Most armies can manage a really nasty general. For my HE I often use a prince on dragon with a 2+ rerollable armour save and 4+ ward... which is normally plenty but does mean Im vulnerable to war machines and killing blow. Although the hardest HE would probably be: prince on barded steed with golded shield, vembraces of defence, talisman of loec and a lance. He's likely to charge but has ASF anyway so 4 S4-6 attacks which if you use the talisman reroll to hit/wound and all successful saves taken against it... so he would kill most nasty things and then he has a rerollable 2+ save with 4++ ward and you have to reroll all successful hits against him in combat (and should be hidden in a unit for shooting purposes.

As for the hardest of all to kill I would say it would have to be a DE dreadlord. Pendant of khaleth is just evil, he can have regen (always forget teh item's name though) and if mounted on a cold one can easily get a 1+ armour save.
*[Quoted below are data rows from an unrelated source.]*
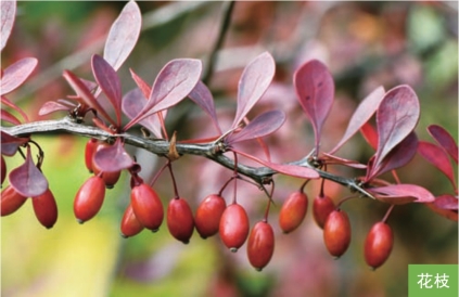 形态特征:落叶灌木,高达2米。枝条开展,具细条棱,幼枝紫红色,老枝灰棕色或暗紫褐色,具棱;茎刺单一,偶3分叉。叶于短枝端丛生;叶片倒卵形、匙形或菱状卵形,长1~3厘米,宽6~10毫米,常为紫红色。花2~5朵组成伞形花序或近簇生;萼片6枚,内轮萼片稍大;花瓣6枚,黄色。浆果红色,椭圆形,长约1厘米。种子棕褐色。花期4—5月,果期9—11月。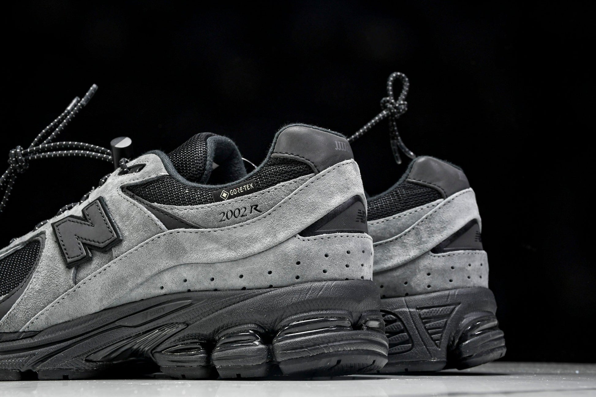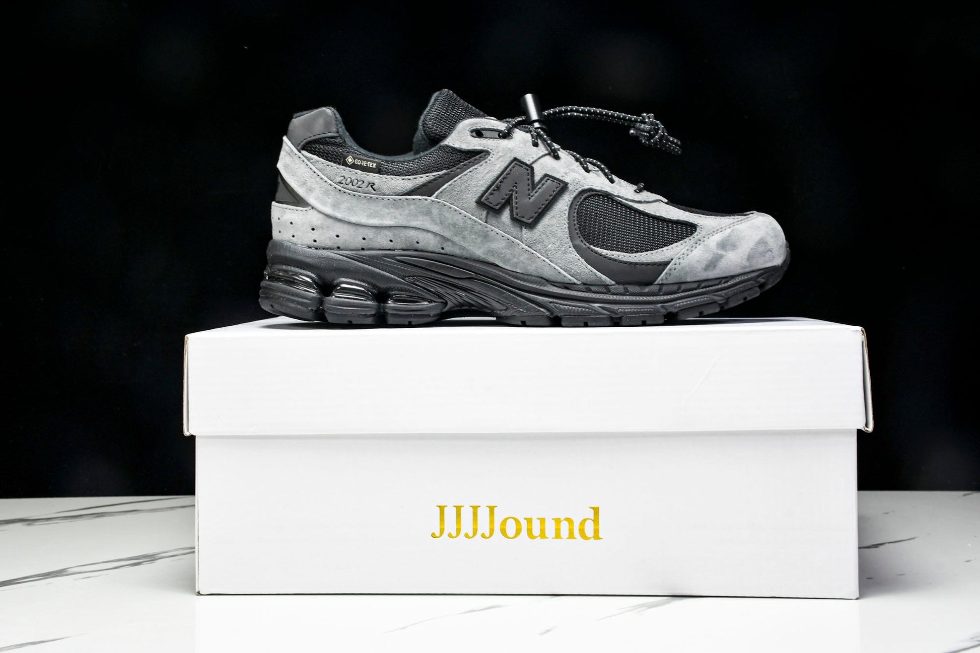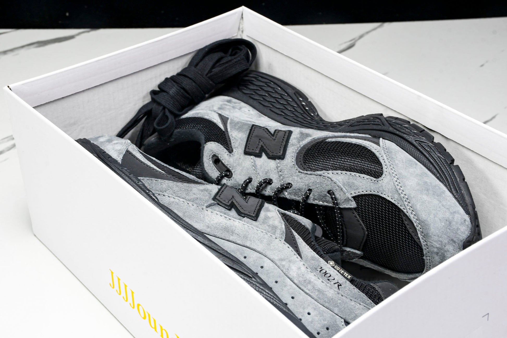 The NB 2002R x JJJJound Gore-Tex 'Charcoal'’ merges functional design with minimalist aesthetics, adapting the classic silhouette for winter conditions. A Gore-Tex lining ensures waterproof protection while maintaining breathability, complementing the charcoal and black leather-mesh upper. The black leather ‘N’ logo, discreet 2002R branding, and white Gore-Tex lettering add subtle detailing. Rugged yet refined, this collaboration balances utility and understated style.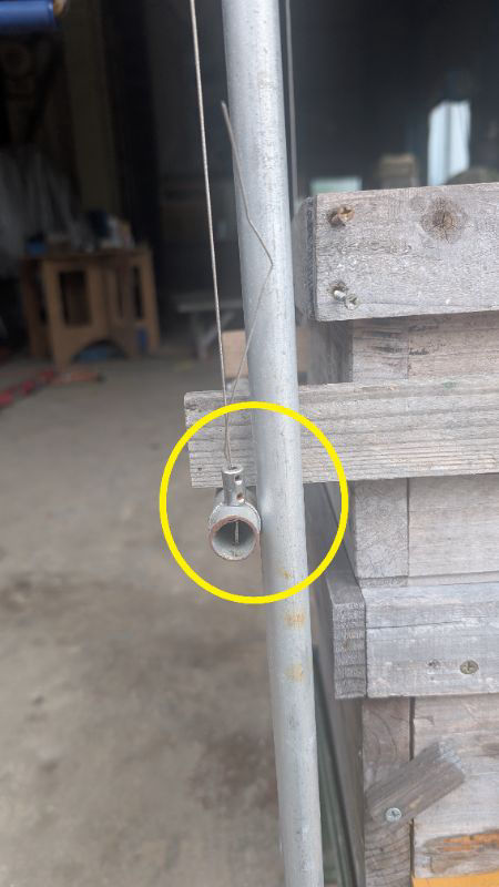 上昇の時巣箱にワイヤーが引っ掛かることが有ったので、支柱の外側に移動しました。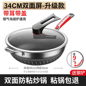 无涂层不粘锅家用炒锅316不锈钢蜂窝不粘炒菜锅电磁炉燃气灶通用

So if you hit him with a S3 weapon he has a 2+/3-/4+ save, or with a S6 weapon 5+/5-/4+.. its actually quite silly that he is best protected against S5 weapons (only taking 1 in 24 wounds)....


----------



## stevenhassell (Aug 5, 2009)

> But yeah you still get hw shield bonus with magic weapons if you are on foot


nope you dont get it cause a magic weapon is not classified as a "HAND WEAPON" as statted the the GW errata


----------